While you shouldn't have been talking to other women about your marriage I wouldn't beat myself up about it too much. What is done is done. To me texting other people, even women, isn't a issue in a trusting marriage, but when you get into deep emotional conversations with them it is a problem. Instead of working things out properly with your wife and talking to her you went to someone else.

You will never be able to start fresh with this relationship. Even if everything that has happened is forgiven it will never be forgotten. 
So be careful what you say and do from here on out. Don't get into arguments. If you feel yourself getting mad or heated just tell her you would prefer to talk about this later or you need time to think about whatever she said. 

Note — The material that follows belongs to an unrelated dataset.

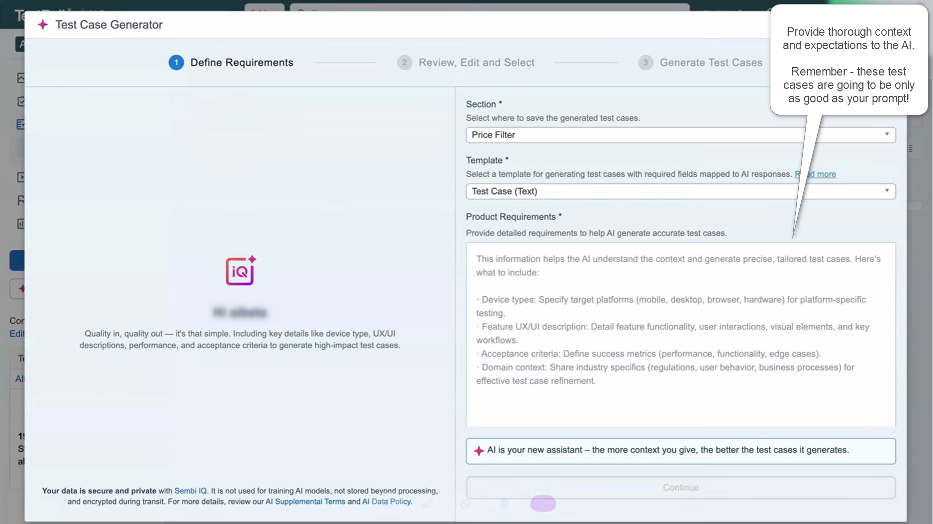 TestRail has recently introduced AI capabilities to assist with creating test cases. The Sembi IQ AI engine has introduced several features within TestRail, primarily focused on test case creation and, with more features planned, enhancing test management and efficiency. The main AI capabilities currently available center around test case generation with a “human-in-the-loop” approach.
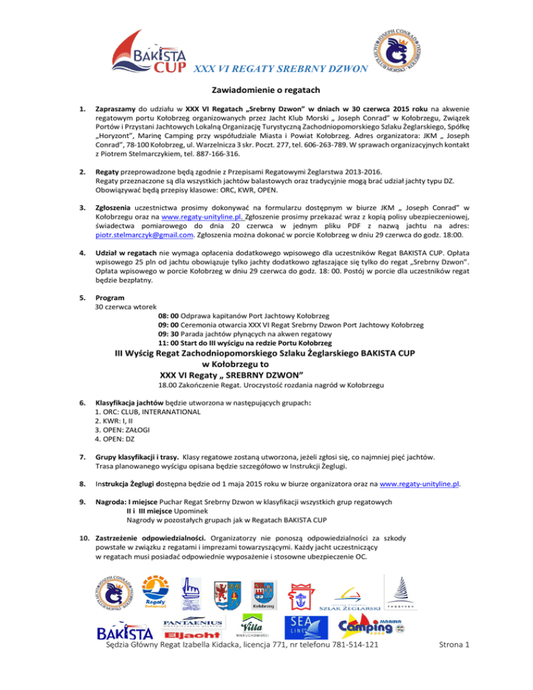 XXX VI REGATY SREBRNY DZWON Zawiadomienie o regatach 1. Zapraszamy do udziału w XXX VI Regatach „Srebrny Dzwon” w dniach w 30 czerwca 2015 roku na akwenie regatowym portu Kołobrzeg organizowanych przez Jacht Klub Morski „ Joseph Conrad” w Kołobrzegu, Związek Portów i Przystani Jachtowych Lokalną Organizację Turystyczną Zachodniopomorskiego Szlaku Żeglarskiego, Spółkę „Horyzont”, Marinę Camping przy współudziale Miasta i Powiat Kołobrzeg. Adres organizatora: JKM „ Joseph Conrad”, 78-100 Kołobrzeg, ul. Warzelnicza 3 skr. Poczt. 277, tel. 606-263-789. W sprawach organizacyjnych kontakt z Piotrem Stelmarczykiem, tel. 887-166-316. 2. Regaty przeprowadzone będą zgodnie z Przepisami Regatowymi Żeglarstwa 2013-2016. Regaty przeznaczone są dla wszystkich jachtów balastowych oraz tradycyjnie mogą brać udział jachty typu DZ. Obowiązywać będą przepisy klasowe: ORC, KWR, OPEN. 3. Zgłoszenia uczestnictwa prosimy dokonywać na formularzu dostępnym w biurze JKM „ Joseph Conrad” w Kołobrzegu oraz na www.regaty-unityline.pl. Zgłoszenie prosimy przekazać wraz z kopią polisy ubezpieczeniowej, świadectwa pomiarowego do dnia 20 czerwca w jednym pliku PDF z nazwą jachtu na adres: [email protected]. Zgłoszenia można dokonać w porcie Kołobrzeg w dniu 29 czerwca do godz. 18:00. 4. Udział w regatach nie wymaga opłacenia dodatkowego wpisowego dla uczestników Regat BAKISTA CUP. Opłata wpisowego 25 pln od jachtu obowiązuje tylko jachty dodatkowo zgłaszające się tylko do regat „Srebrny Dzwon”. Opłata wpisowego w porcie Kołobrzeg w dniu 29 czerwca do godz. 18: 00. Postój w porcie dla uczestników regat będzie bezpłatny. 5. Program 30 czerwca wtorek 08: 00 Odprawa kapitanów Port Jachtowy Kołobrzeg 09: 00 Ceremonia otwarcia XXX VI Regat Srebrny Dzwon Port Jachtowy Kołobrzeg 09: 30 Parada jachtów płynących na akwen regatowy 11: 00 Start do III wyścigu na redzie Portu Kołobrzeg III Wyścig Regat Zachodniopomorskiego Szlaku Żeglarskiego BAKISTA CUP w Kołobrzegu to XXX VI Regaty „ SREBRNY DZWON” 18.00 Zakończenie Regat. Uroczystość rozdania nagród w Kołobrzegu 6. Klasyfikacja jachtów będzie utworzona w następujących grupach: 1. ORC: CLUB, INTERANATIONAL 2. KWR: I, II 3. OPEN: ZAŁOGI 4. OPEN: DZ 7. Grupy klasyfikacji i trasy. Klasy regatowe zostaną utworzona, jeżeli zgłosi się, co najmniej pięć jachtów. Trasa planowanego wyścigu opisana będzie szczegółowo w Instrukcji Żeglugi. 8. Instrukcja Żeglugi dostępna będzie od 1 maja 2015 roku w biurze organizatora oraz na www.regaty-unityline.pl. 9. Nagroda: I miejsce Puchar Regat Srebrny Dzwon w klasyfikacji wszystkich grup regatowych II i III miejsce Upominek Nagrody w pozostałych grupach jak w Regatach BAKISTA CUP 10. Zastrzeżenie odpowiedzialności. Organizatorzy nie ponoszą odpowiedzialności za szkody powstałe w związku z regatami i imprezami towarzyszącymi. Każdy jacht uczestniczący w regatach musi posiadać odpowiednie wyposażenie i stosowne ubezpieczenie OC. Sędzia Główny Regat Izabella Kidacka, licencja 771, nr telefonu 781-514-121 Strona 1

I'm impressed at your commitment to your marriage. A full year and you are still working hard at it. Restores some of my faith in relationships


----------



## IrocTransam (Aug 29, 2012)

Thanks everyone. I did get rid of those #'s. My good friend told me, it's ok and she understands that my marriage is more important than our friendship at this point. So..all my distractions are gone. Talked to my parents and they know what is important now. 
I do batter myself a bit because I am the one that messed up but I also know that I can only apologize so much. 
Though my IC's and MC's, I have been slowly coping better than I was about 6 months ago or so. Her emotions are a wreck, I know she is still mad at me, grudge holder, as her mom told me "she just has no confidence in you that your dofferent". So...only time will tell I guess. I can't keep looking in the past, my old relationship is gone, even though sge says a lot of"if we get back together", I know that she won't forget my past sins. Emotional cheating is very hard to get over, I pray one day she can at least try to trust me.again. 
The hard part was when she told me in September and again in October is "Paul, if we get back together, i'm never going back to your parents. They don't like me". I said "Ok, if and I mean IF, you have to do it for us. We gotta be bigger than them. They don't hate you, they are just upset.". She stated "Well I love your dad, but your mom is gonna have to apologize to me, and even then maybe, maybe I migt not wanna go". To me she feels rejected and at the same time being Immature about it. My mom and her don't see eye to eye. 
Idk...but I haven't given up because to me...it doesn't seem to be that outta reach, i'm not blind but it doesn't to me. She'll text me just to ask when i'm picking up our daughter, tli keep it short. Or she'll tell me about what our daughter dis and how funny. Or show me vids of her teaching class and my kiddo dancing with them. The next she could be annoyed by me for no reason. 
Glad I restored some faith in you Nowhere...i found some in here too. Wherever my path leads, I at least have a kick butt daughter. Hopefully my W, see's what her family see's and at least thinks about hanging out. I'd like nothing more than to talk to her again, we were great friends before, now married to my best friend and losing both relationships really hurts.
The holidays don't make it easy..but we gotta keep going.
_Posted via Mobile Device_


----------



## IrocTransam (Aug 29, 2012)

Man...typing from my phone is hard. Sorry for any misspelling. I saw some in there.
_Posted via Mobile Device_


----------



## IrocTransam (Aug 29, 2012)

Worked like a mad man today, training soon to be managers and such...a few thoughts about her today, but I shook them off and concentrated on the task at hand. Sucks...the holidays are the hardest because all you want is to hear their voice and feel their embrace. Here's to hoping but getting my life together.


----------